CodePudding user response:
You could find the rows which have either of the two values as NaN, then exclude those from your df using the ~
operator
import pandas as pd
import numpy as np
df = pd.DataFrame({'book': ['Book 1', 'Book 1', 'Book 1', 'Book 2', 'Book 2'],
'page': [1, 2, 2, 1, 2],
'words_per_page': ['27', np.nan, '30', '30', '28'],
'characters': [np.nan, '30', '25', '26', '30']})
books_with_nulls = df.loc[df[['words_per_page','characters']].isnull().any(axis=1)]['book'].unique()
df.loc[~df['book'].isin(books_with_nulls)]
CodePudding user response:
You can groupby
and filter
which removes entire groups/books that fail the filter.

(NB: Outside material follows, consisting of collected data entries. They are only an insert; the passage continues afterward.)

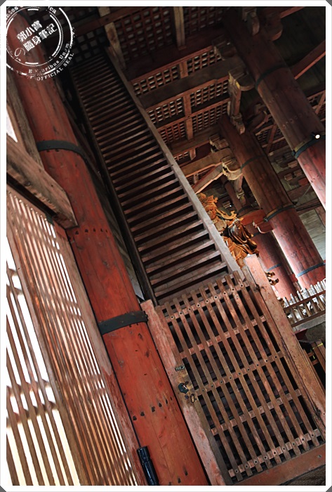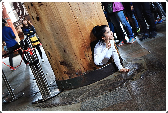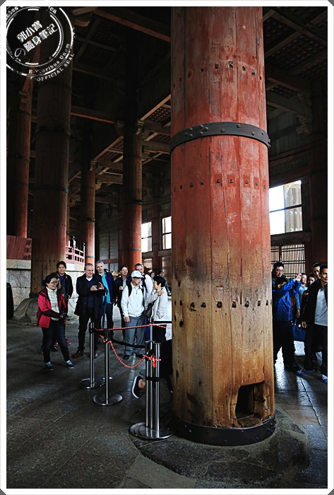 | 寺內的木柱,這也是東大寺的特色之一,據說可以在立柱中間小洞穿越的人會保佑身體健康之類的,所以很多人都會鑽鑽看自己是否可以穿越這個小洞。 |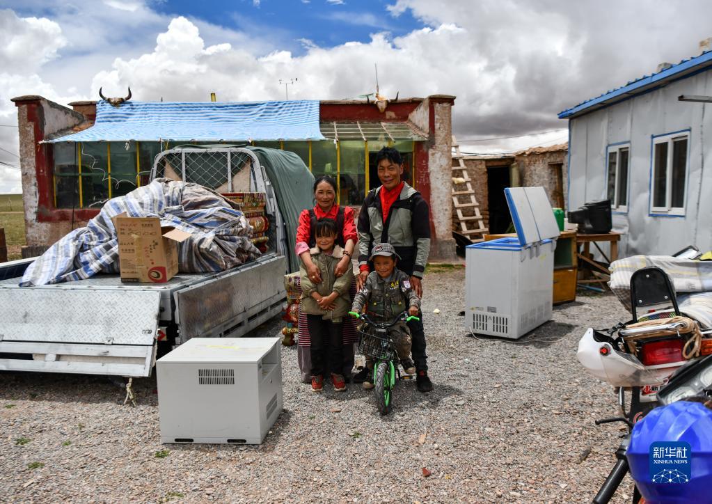 雙湖縣多瑪鄉(xiāng)果根擦曲村牧民貢布旺青和家人在等待運(yùn)送家具的車輛(7月12日攝)。新華社記者 晉美多吉 攝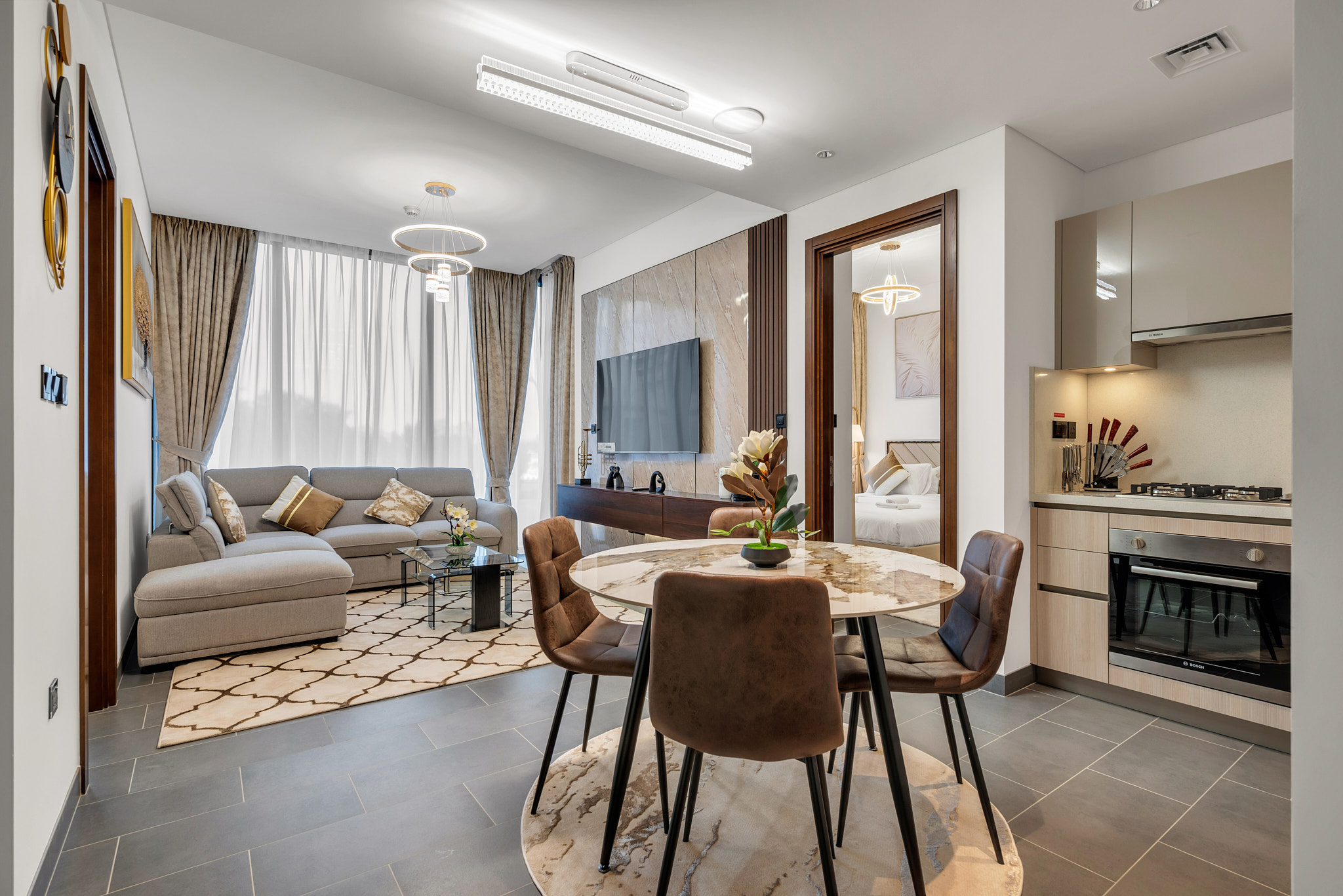 A fully furnished two bedroom apartment presented by HEP Stays and designed to deliver comfort, convenience and a seamless guest experience. The apartment offers approximately 906 square feet on the podium level with a spacious balcony facing the green landscaped areas of Sobha Hartland. Interiors are newly furnished and curated to support both short and extended stays.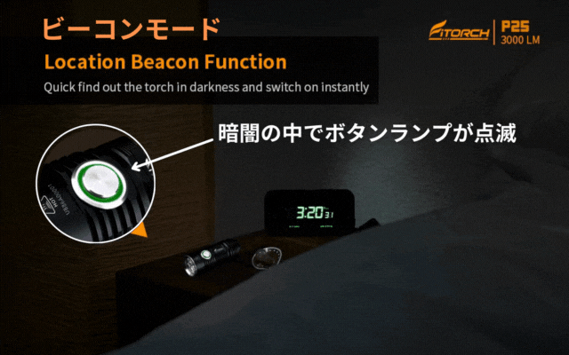 ビーコンモードではP25を枕元や分かり易いところに置いておけば、暗闇でもボタンの明かりが目印になりすぐ手に取れます。

Here the filter is that each book group has to be notnull
in all
values for Words_per_page
and characters
import pandas as pd
import numpy as np
df = pd.DataFrame({
'book': ['Book 1', 'Book 1', 'Book 1', 'Book 2', 'Book 2'],
'page': [1, 2, 2, 1, 2],
'words_per_page': [27, np.nan, 30, 30, 28],
'characters': [np.nan, 30, 25, 26, 30]
})
filt_df = (
df.groupby('book').filter(
lambda b: b['words_per_page'].notnull().all() and b['characters'].notnull().all()
)
)
filt_df
groupby.filter
is notoriously slow on large datasets, not sure if it will be fast enough for your usecase
CodePudding user response:
Identify book ids that match that criteria and filter the DF using those book ids, e.g.
import pandas as pd
data = [
[1, 1, 27, None],
[1, 2, None, 30],
[1, 2, 30, 25],
[2, 1, 30, 26],
[2, 2, 28, 30]
]
columns = [
'book_id',
'page_number',
'words_per_page',
'character_count'
]
df = pd.DataFrame(data, columns=columns)
df = df[~df.book_id.isin(
df[
(df.words_per_page.isna()) |
(df.character_count.isna())
].book_id
)].copy()
book_id page_number words_per_page character_count
3 2 1 30.0 26.0
4 2 2 28.0 30.0